Come si spiega la totale assenza dell’Italia dal settore velocità?
“Penso che in questo settore si risenta particolarmente della forte vocazione da strada che hanno i nostri corridori. Se da allievo si nota un forte velocista, lo si spinge unicamente verso lo strada per le categorie superiori, nascondendogli il fatto che, più si va in alto, più servono anche altre qualità, oltre alla velocità pura, per primeggiare nelle volate, e così si perdono tanti talenti. Per quanto riguarda i recenti Mondiali, ci sono dei precisi requisiti di qualificazione fissati dall’UCI che permettono di accedere prima alla Coppa del Mondo e poi appunto alla prova iridata: bisogna raggiungere una certa quantità di punti nel corso delle gare internazionali, come ad esempio il torneo sprint organizzato alla Sei Giorni delle Rose di Fiorenzuola. Al 30 settembre, l’unico nostro velocista qualificato alla Coppa del Mondo era Francesco Ceci, che ha poi strappato anche il pass per i Mondiali, ma una frattura della clavicola gli ha impedito di esserci”.
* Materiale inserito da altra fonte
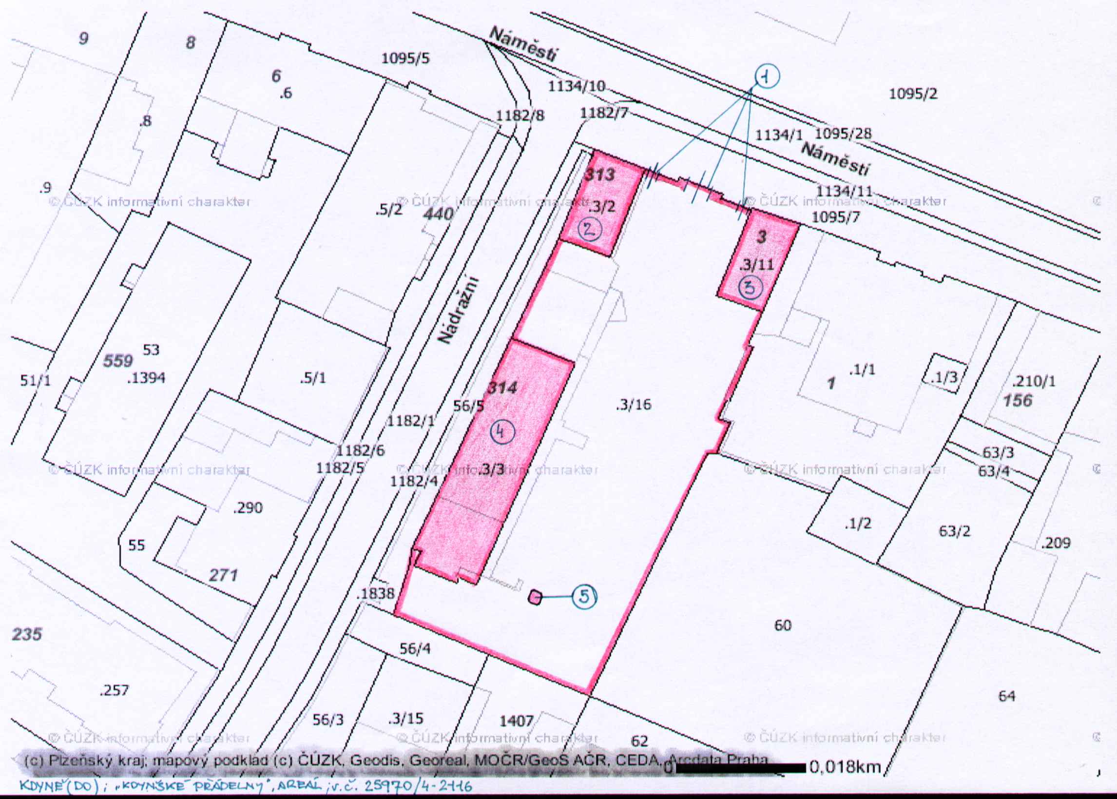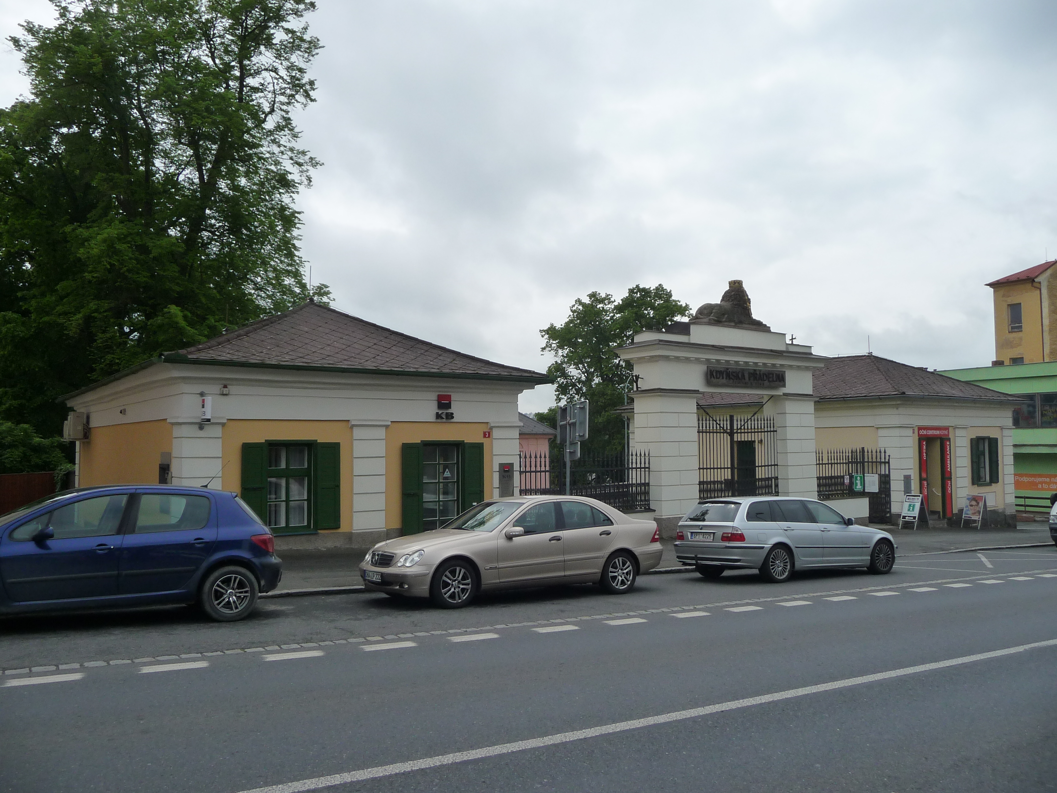 1) brána s brankami a plastikou lva 2) strážní domek čp. 313 3) strážní domek čp. 3 4) obytný dům čp. 314 5) kašna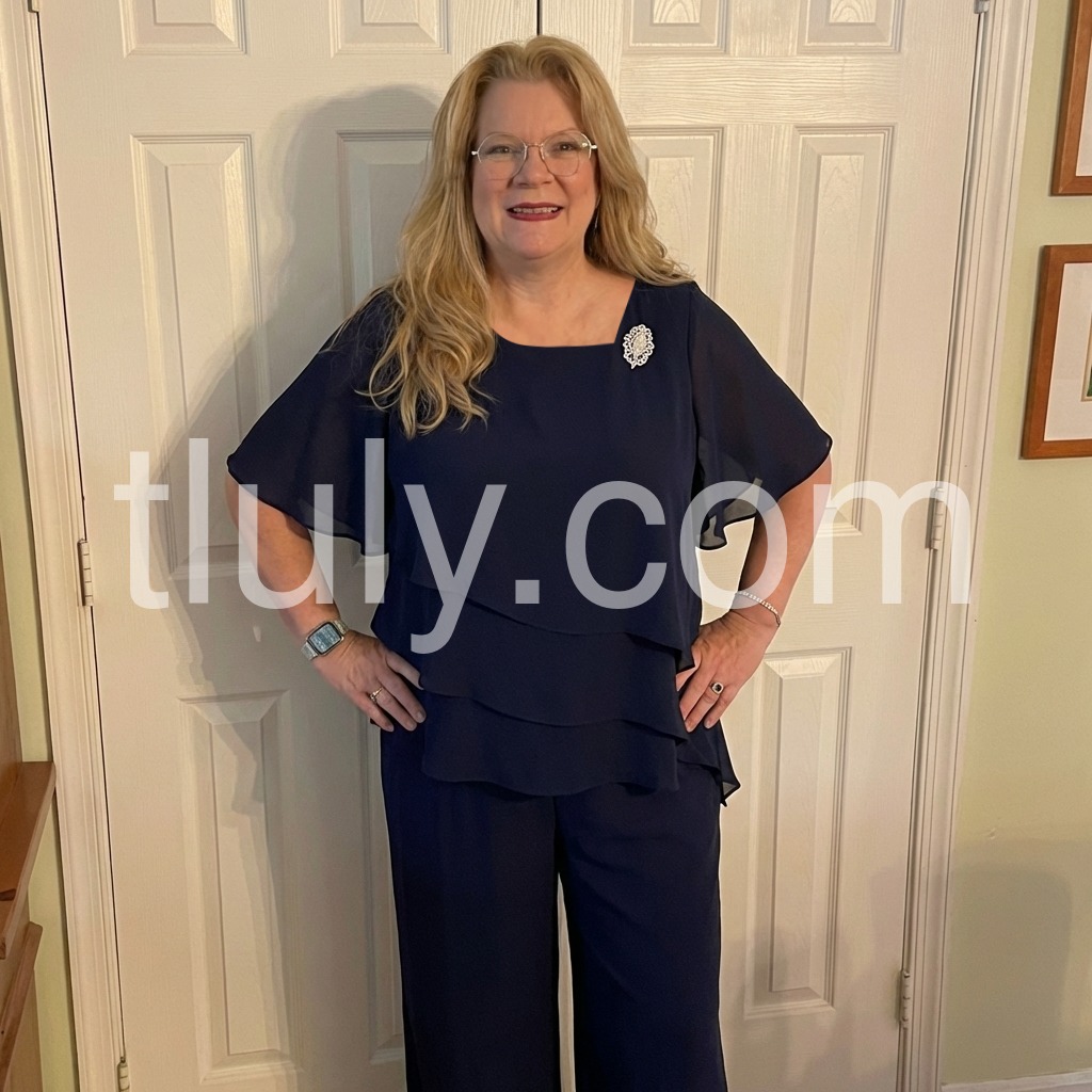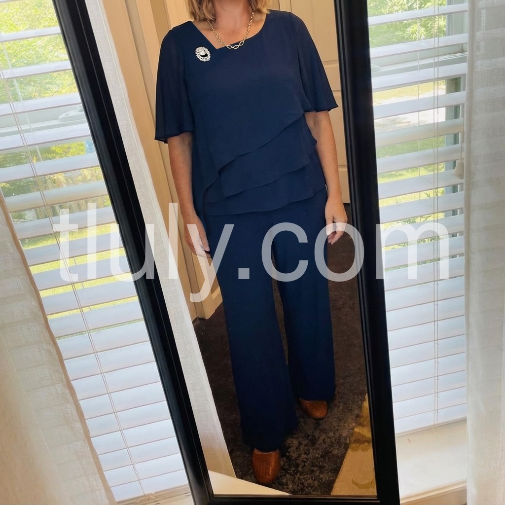 This coordinated set features a flowy layered top with an asymmetrical hem and matching wide-leg pants. Crafted from smooth, comfortable fabric perfect for warm days. The clean lines and classic navy hue offer timeless style. Ideal for casual outings or relaxed events. Effortlessly chic and easy to wear.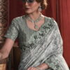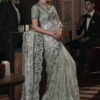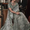 Pista half n half bridal party saree designed with hand made flowers and heavy sequence work. The saree comes with a matching art silk blouse.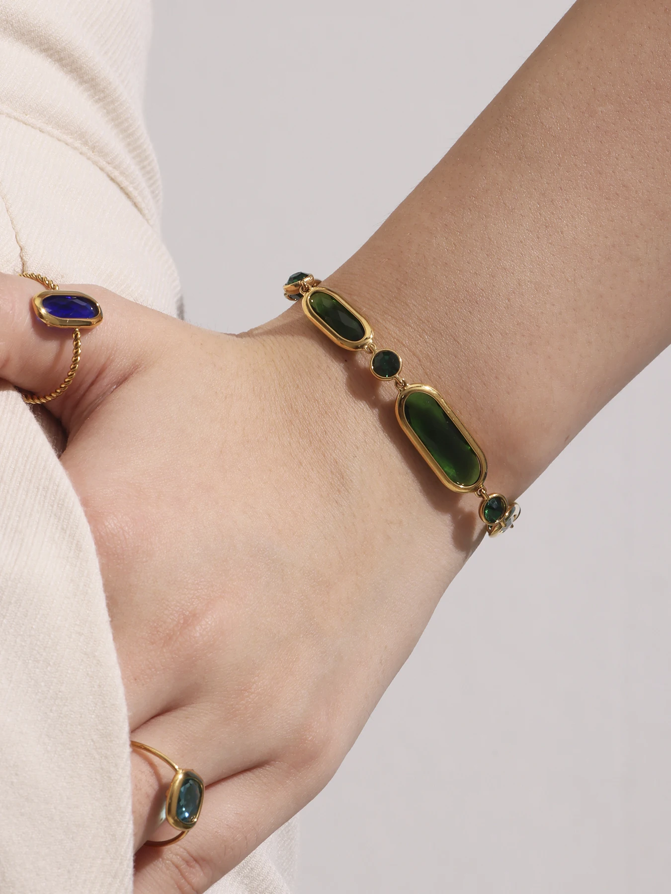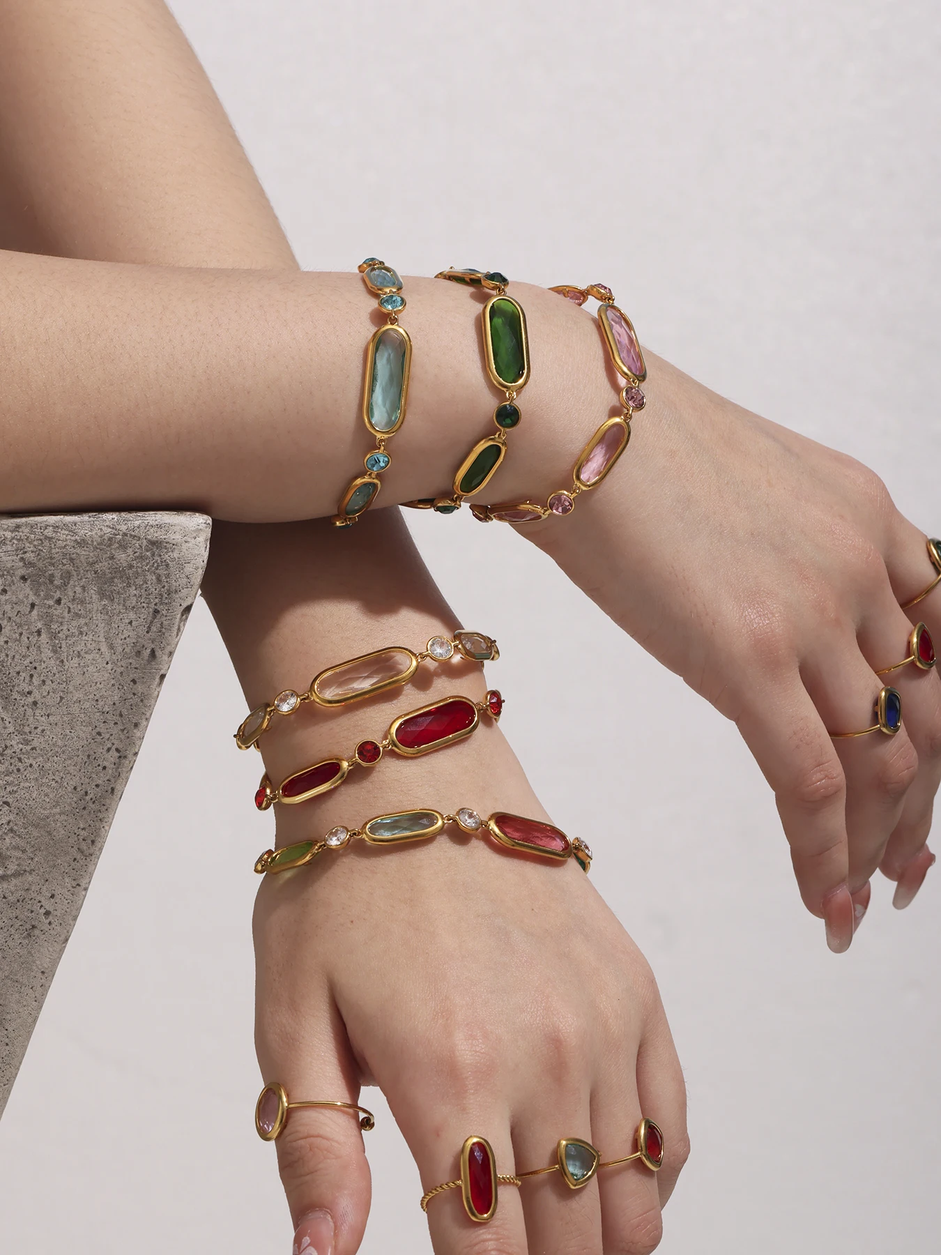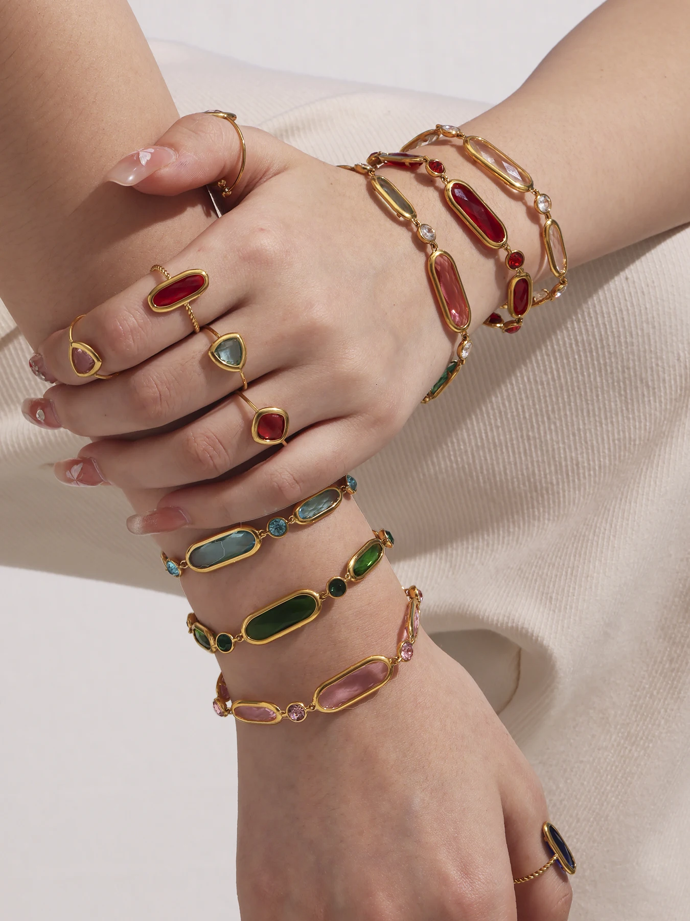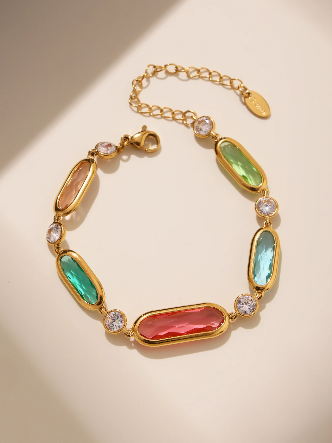 Bracciale in acciaio inossidabile colorato ovale lungo con ruota panoramica per donna, pietre di vetro ceche di lusso, gioielli affascinanti placcati in oro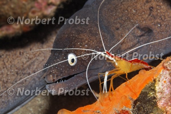 Schwarze Muräne, auch Fürst August Muräne, (Muraena augusti) mit Grabhams Putzergarnle (Lysmata Grabhami), im Unterschlupf, Insel, Madeira, Portugal, Europa, Atlantik | Dotted moray, (Muraena augusti) with Scarelt-striped shrimp, Cleaning Shrimp, (Lysmata grabhami), in its hideaway, Madeira, Island, Portugal, Europe, Atlantic, Ocean

Quali sono le prospettive di Elia Viviani in ottica Rio?
“Viviani, al pari di Coledan, è un ragazzo su cui faccio grande affidamento per la sua professionalità e per il ruolo che riveste in nazionale, perché si tratta di due atleti importanti sia nel quartetto, sia in alcune gare individuali, in prospettiva olimpica, come l’omnium. La qualificazione per Rio passa da Coppe del Mondo, Europei e Mondiali dei prossimi due anni; certo non sarà facile, Elia e Marco corrono professionalmente su strada e non potranno dunque vivere altri due inverni a pieno regime. Il fatto però di essere in due, magari con l’aggiunta di un Paolo Simion che poco più di un anno fa vinse in Coppa del Mondo, potrebbe agevolarli: riusciranno così a dividersi gli impegni nelle varie manifestazioni invernali su pista e quindi a cercare di raggiungere la qualificazione olimpica”.
Quali sono i principali problemi che impediscono all’Italia di rendere come altre nazioni nella pista? Si tratta di una questione di strutture e di investimenti o c’è anche un problema di mentalità?
“Per essere più competitivi, bisogna cambiare mentalità. In Italia abbiamo una tradizione ciclistica con pochi eguali, rivolta molto più verso la strada; infatti, se guardiamo alle medaglie olimpiche giunte dai velodromi, si tratta principalmente di stradisti prestati alla pista. Il calendario attuale, con le gare di pista in inverno, non aiuta certo un professionista a svolgere la doppia attività; non è nemmeno facile chiedere alle loro società di fermarli per qualche settimana in estate, in modo da poter mantenere la condizione fisica per le gare nei velodromi. La nostra federazione cerca di fare il possibile, mette anche a disposizione delle borse di studio per i ragazzi che partecipano a Coppa del Mondo e Mondiali. Le strutture? Montichiari è perfetta, si tratta di una pista olimpica coperta adatta per i nostri allenamenti e molto frequentata…perlomeno fino a marzo, perché poi con il sole vanno tutti su strada e si fa fatica ad organizzare stage e ritiri nei vari velodromi. Vorrei citare, ad esempio, quelli di Fiorenzuola, Dalmine, Bassano e Pordenone; le società locali organizzano gare di ottimo livello, ma troppo spesso i nostri atleti le saltano per preparare le corse su strada della domenica successiva. Questo, secondo me, è il problema di fondo che va risolto se vogliamo avere un ciclismo moderno in grado di puntare a medaglie olimpiche anche su pista”.